Each entry must be given again exactly; images do not belong in the copy.

[Collected data]

*****

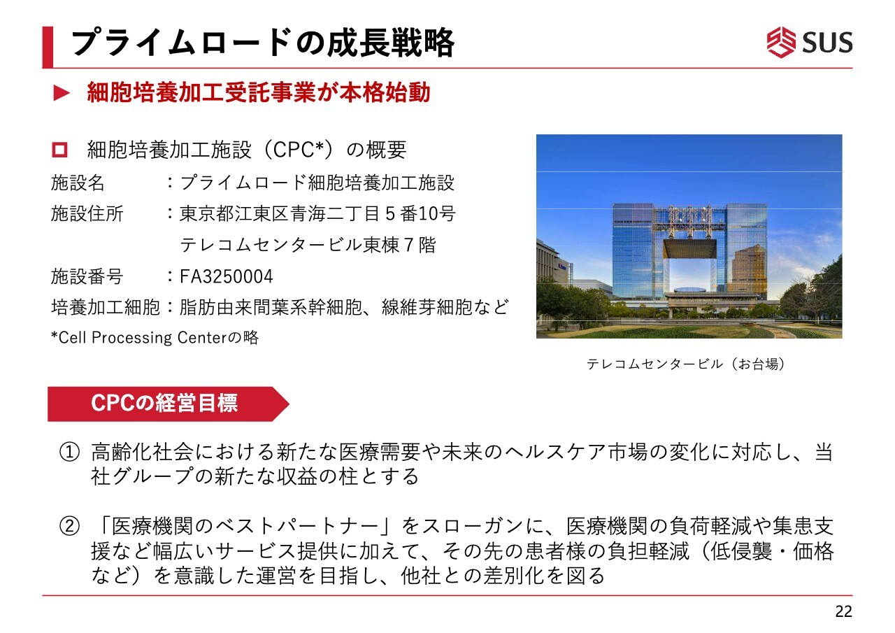 プライムロードについては、細胞培養加工施設が完成したため、受託事業を大きく展開していく段階に入りました。
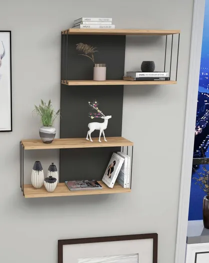 Étagère murale Destan anthracite/chêne - 65x96x19 cm
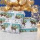 A ilustração original do desenho de Destei de um cão da raça Labrador Retriever, marrom, de chocolate bonito. O cão é colocado numa cena de inverno com três árvores de abeto verde. O fundo é um gradiente azul a branco que dá à design aquele olhar frio do dia de inverno. Há uma área de texto personalizável que agora diz: "Feliz Natal!" junto com um nome personalizado.
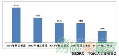 有色等四大高載能行業能源消費量占全社會的比重一直保持下降態勢(圖3);2015年前三季度,四大行業用電量占全社會用電總量的比重約為30%,比去年同期下降了1個百分點。
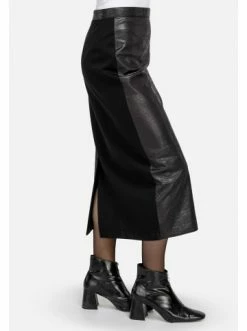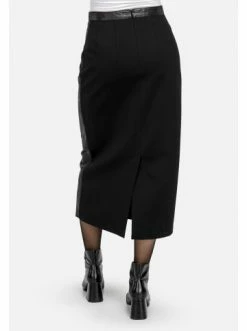Rock mit Reißverschluss. Kombination von Materialien – Kunstleder und Strickstoff. Dekorative Nähte. Ohne Taschen. Tragen Sie dazu ein Business-Sakko und Schuhe mit Absatz. – Gerader Schnitt – Leder-Optik – Bleistift-Schnitt – Verdeckter ReißverschlussGrößenhinweisfällt größengetreu aus
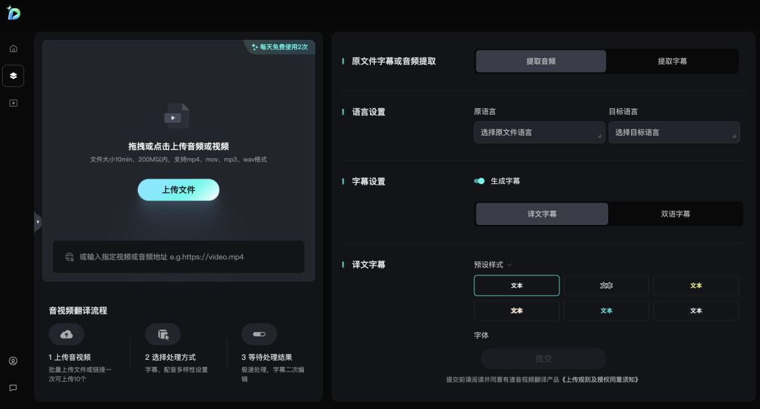 在软件方面,有道新推出的音视频翻译平台,直接把“听录-识别-翻-配音”全流程打包搞定,管你啥语言的音视频都能处理。
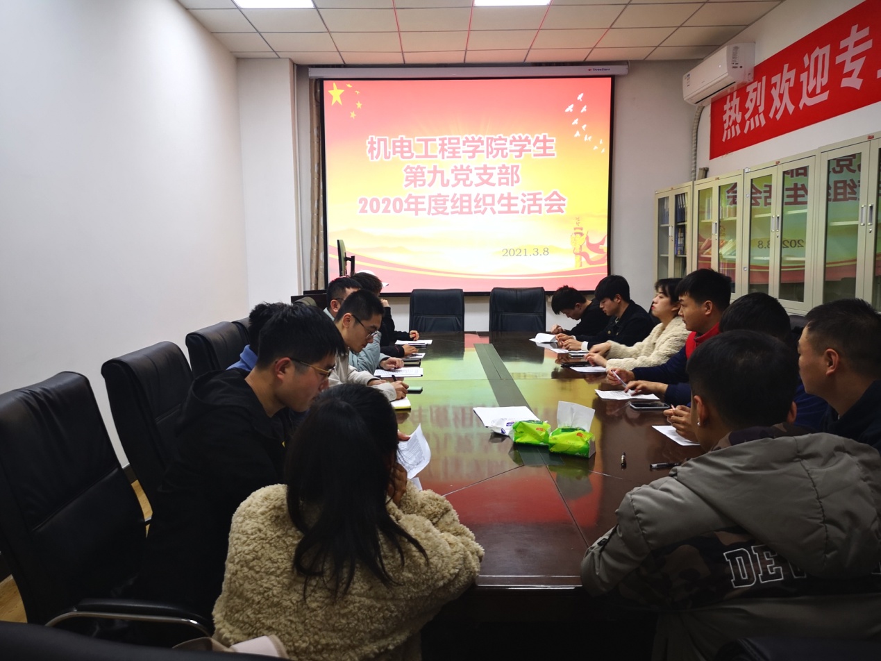 为深入学习贯彻习近平新时代中国特色社会主义思想和党的十九届五中全会精神,做好基层党组织组织生活会和开展民主评议党员,根据学校《2020年度基层党组织组织生活会和开展民主评议党员几个问题的通知》,3月8日晚,学生第九党支部于工二308会议室召开2020年度组织生活会,开展了民主评议。会议由支部书记刘昊雨主持,支部全体党员参加。
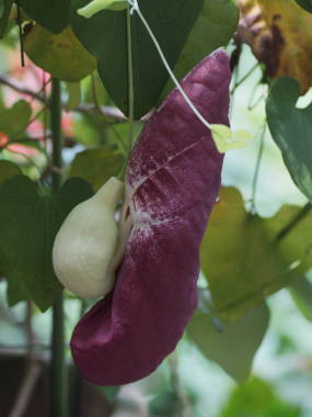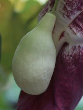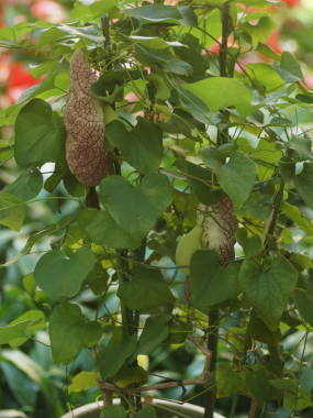 アリストロキアの仲間は、温帯から熱帯に500種類ほどが分布しています。主な種類は花径が10cmぐらいのリットラリス、花径が30cm以上になるギガンテア、花がパイプ型をしたリンゲンスなどがあります。花は茶褐色で、ユニークな姿をしており、花に見えるのは花の萼で、裏には筒状のものがついています。常緑蔓性の種類が多く、アンドン仕立てなどにして、育てられる事が多いです。
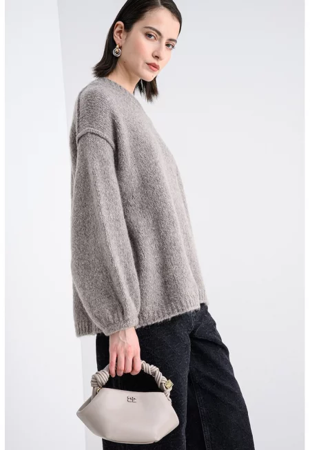 Пуловер Sagarro с паднали ръкави - Светло кафяво
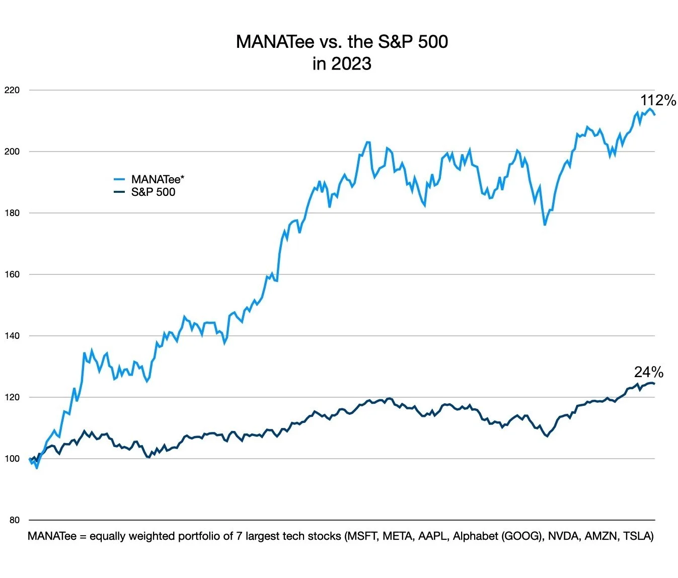 The seven big tech stocks, the MANATees*, were the engine behind stock market performance in 2023, generating a whopping annual return of 112% on an equally weighted basis. This compares to a 24% return for the the S&P 500.
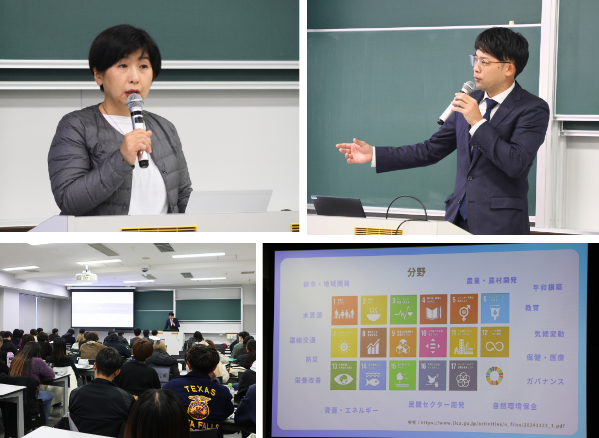 12月15日(月)、国際文化学部国際文化学科秋保さやか講師の「国際協力論」にて、一般社団法人海外コンサルタンツ協会(以下、ECFA※1)の河野敬子氏と、アイ・シー・ネット株式会社(以下、IC Net)の内田武志氏を講師に迎え、国際協力の現場について学ぶ特別講義を開催しました。
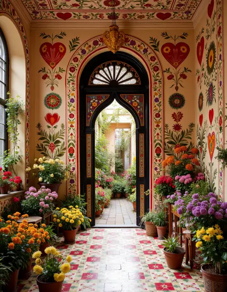 緑の窓とドアの周りに赤、ピンク、青、黄の色合いで広がる大きな花々の鮮やかなフレスコ画で飾られた、質素な家。柔らかいベージュの外壁に囲まれ、明るい青空の下、石畳のテラスに贅沢な鉢植えの植物が並んでいる写真。thierry-lechanteur のスタイルで
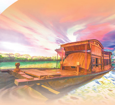 浙江嘉兴南湖革命纪念馆内的红船模型。 新华社记者 徐 昱摄 |
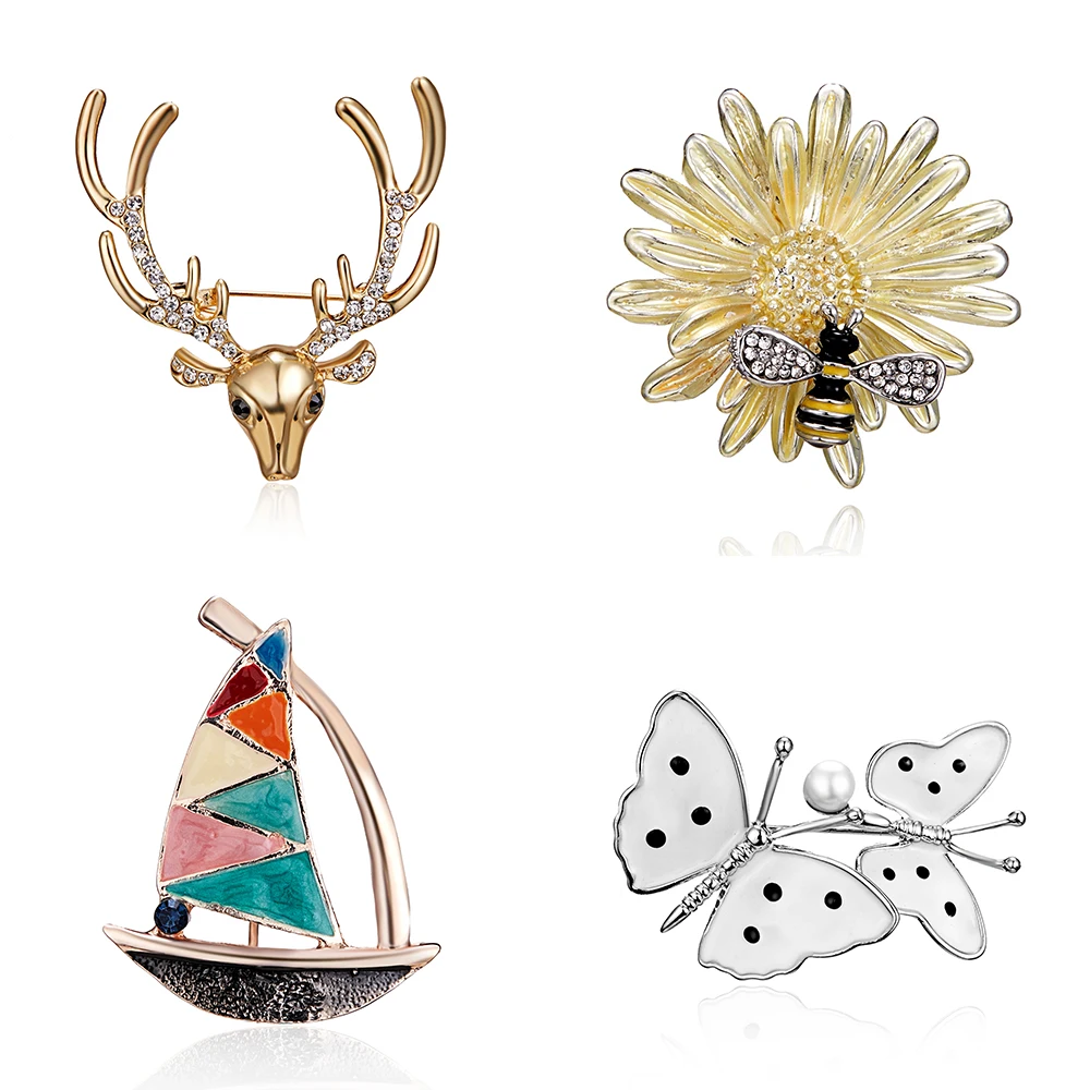 Модные стразы, брошь в виде животных, пчела, бабочка, олень, Маргаритка, цветок, насекомое, брошь для женщин, изысканное ювелирное изделие, рождественский подарок
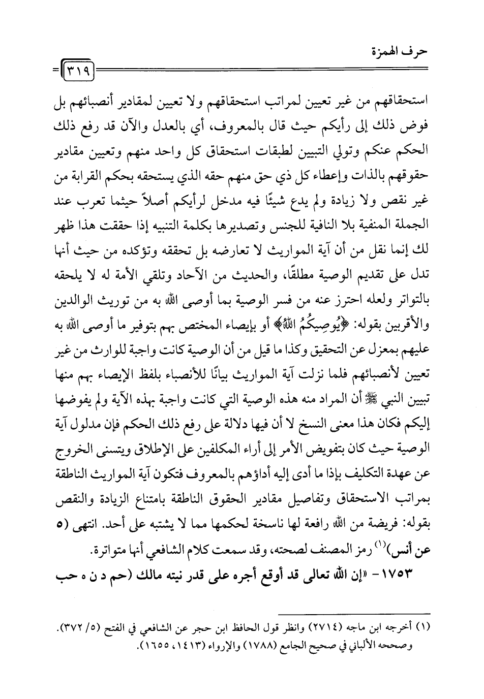 (¬1) أخرجه ابن ماجه (2714) وانظر قول الحافظ ابن حجر عن الشافعي في الفتح (5/ 372). وصححه الألباني في صحيح الجامع (1788) والإرواء (1413، 1655).
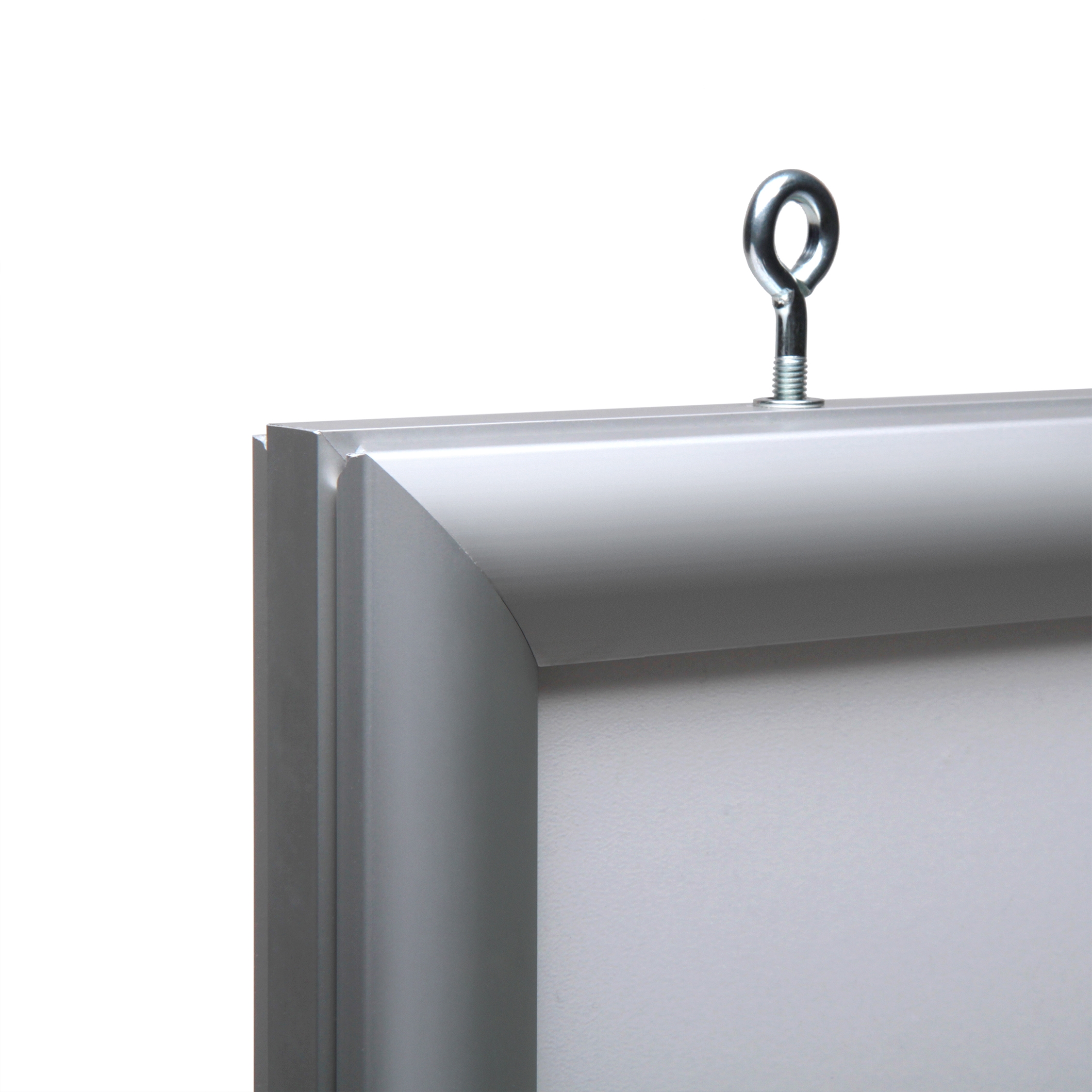 Snygg och iögonfallande dubbelsidig LED ljusram av hög kvalite med smal design. 30 mm klickram profil. Klickramprofilen på LED ljusramen gör det enkelt och snabbt att byta plakater och budskap. För takmontering.

*****

Answer to this exercise:
 プライムロードについては、細胞培養加工施設が完成したため、受託事業を大きく展開していく段階に入りました。
 Étagère murale Destan anthracite/chêne - 65x96x19 cm
 A ilustração original do desenho de Destei de um cão da raça Labrador Retriever, marrom, de chocolate bonito. O cão é colocado numa cena de inverno com três árvores de abeto verde. O fundo é um gradiente azul a branco que dá à design aquele olhar frio do dia de inverno. Há uma área de texto personalizável que agora diz: "Feliz Natal!" junto com um nome personalizado.
 有色等四大高載能行業能源消費量占全社會的比重一直保持下降態勢(圖3);2015年前三季度,四大行業用電量占全社會用電總量的比重約為30%,比去年同期下降了1個百分點。
Rock mit Reißverschluss. Kombination von Materialien – Kunstleder und Strickstoff. Dekorative Nähte. Ohne Taschen. Tragen Sie dazu ein Business-Sakko und Schuhe mit Absatz. – Gerader Schnitt – Leder-Optik – Bleistift-Schnitt – Verdeckter ReißverschlussGrößenhinweisfällt größengetreu aus
 在软件方面,有道新推出的音视频翻译平台,直接把“听录-识别-翻-配音”全流程打包搞定,管你啥语言的音视频都能处理。
 为深入学习贯彻习近平新时代中国特色社会主义思想和党的十九届五中全会精神,做好基层党组织组织生活会和开展民主评议党员,根据学校《2020年度基层党组织组织生活会和开展民主评议党员几个问题的通知》,3月8日晚,学生第九党支部于工二308会议室召开2020年度组织生活会,开展了民主评议。会议由支部书记刘昊雨主持,支部全体党员参加。
 アリストロキアの仲間は、温帯から熱帯に500種類ほどが分布しています。主な種類は花径が10cmぐらいのリットラリス、花径が30cm以上になるギガンテア、花がパイプ型をしたリンゲンスなどがあります。花は茶褐色で、ユニークな姿をしており、花に見えるのは花の萼で、裏には筒状のものがついています。常緑蔓性の種類が多く、アンドン仕立てなどにして、育てられる事が多いです。
 Пуловер Sagarro с паднали ръкави - Светло кафяво
 The seven big tech stocks, the MANATees*, were the engine behind stock market performance in 2023, generating a whopping annual return of 112% on an equally weighted basis. This compares to a 24% return for the the S&P 500.
 12月15日(月)、国際文化学部国際文化学科秋保さやか講師の「国際協力論」にて、一般社団法人海外コンサルタンツ協会(以下、ECFA※1)の河野敬子氏と、アイ・シー・ネット株式会社(以下、IC Net)の内田武志氏を講師に迎え、国際協力の現場について学ぶ特別講義を開催しました。
 緑の窓とドアの周りに赤、ピンク、青、黄の色合いで広がる大きな花々の鮮やかなフレスコ画で飾られた、質素な家。柔らかいベージュの外壁に囲まれ、明るい青空の下、石畳のテラスに贅沢な鉢植えの植物が並んでいる写真。thierry-lechanteur のスタイルで
 浙江嘉兴南湖革命纪念馆内的红船模型。 新华社记者 徐 昱摄 |
 Модные стразы, брошь в виде животных, пчела, бабочка, олень, Маргаритка, цветок, насекомое, брошь для женщин, изысканное ювелирное изделие, рождественский подарок
 (¬1) أخرجه ابن ماجه (2714) وانظر قول الحافظ ابن حجر عن الشافعي في الفتح (5/ 372). وصححه الألباني في صحيح الجامع (1788) والإرواء (1413، 1655).
 Snygg och iögonfallande dubbelsidig LED ljusram av hög kvalite med smal design. 30 mm klickram profil. Klickramprofilen på LED ljusramen gör det enkelt och snabbt att byta plakater och budskap. För takmontering.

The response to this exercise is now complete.